In SA, 240 people participated in the study, known as HVTN 204, sponsored by the HIV Vaccine Trials Network of the US NationaI Institutes of Health. A future HIV vaccine study will investigate how effectively the vaccine can actually fight HIV infection.
“These early results are very exciting and very encouraging for everyone who looks forward to a vaccine to prevent HIV infection, said Gavin Churchyard, MB BCh, FCP, MMed, PhD, principal investigator at the Aurum Institute for Health Research in Klerksdorp. “While we are still years away from a licensed vaccine, the people of Klerksdorp are playing a key role in finding that vaccine by volunteering to participate in these studies.”
The Aurum Institute for Health Research is a trial site in the global HIV Vaccine Trials Network (HVTN) and also of the South African AIDS Vaccine Initiative (SAAVI).
Prof Churchyard has served as the co-chair of this vaccine study, leading the international study with Dr Michael Keefer of the University of Rochester in the United States.
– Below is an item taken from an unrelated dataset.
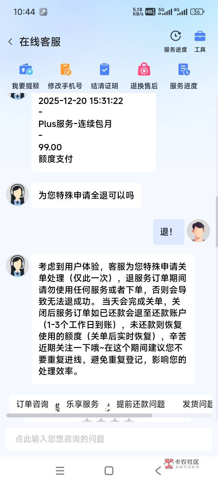 我开了三回退了3回你要注意你的态度啥也别说就说没额度退会员就完了.说那行没用的人家客服都不爱D你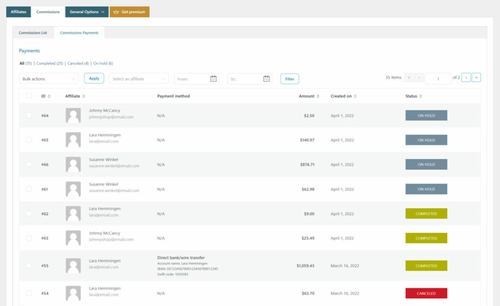 この画面から、ステータス、アフィリエイト、日付別に支払いをフィルタリングすることもできます。

Details on the HVTN 204 study
The HVTN 204 vaccine trial was designed to look at the ability of the candidate vaccine to induce an immune response to HIV. The vaccine, a multiclade, multigene candidate HIV-1 vaccine, was developed by researchers of the Dale and Betty Bumpers Vaccine Research Center (VRC). The VRC is part of the National Institute of Allergy and Infectious Diseases (NIAID), which is a component of the US National Institutes of Health (NIH).
The candidate vaccine consists of an immunising ‘DNA prime’, which contains several genes from three different clades of HIV-1. Three doses of the prime are injected over a three-month period and followed three months later by a final single ‘boost’ injection that contains modified, safe, replication-defective adenoviruses carrying HIV-1 genes that match those in the DNA prime.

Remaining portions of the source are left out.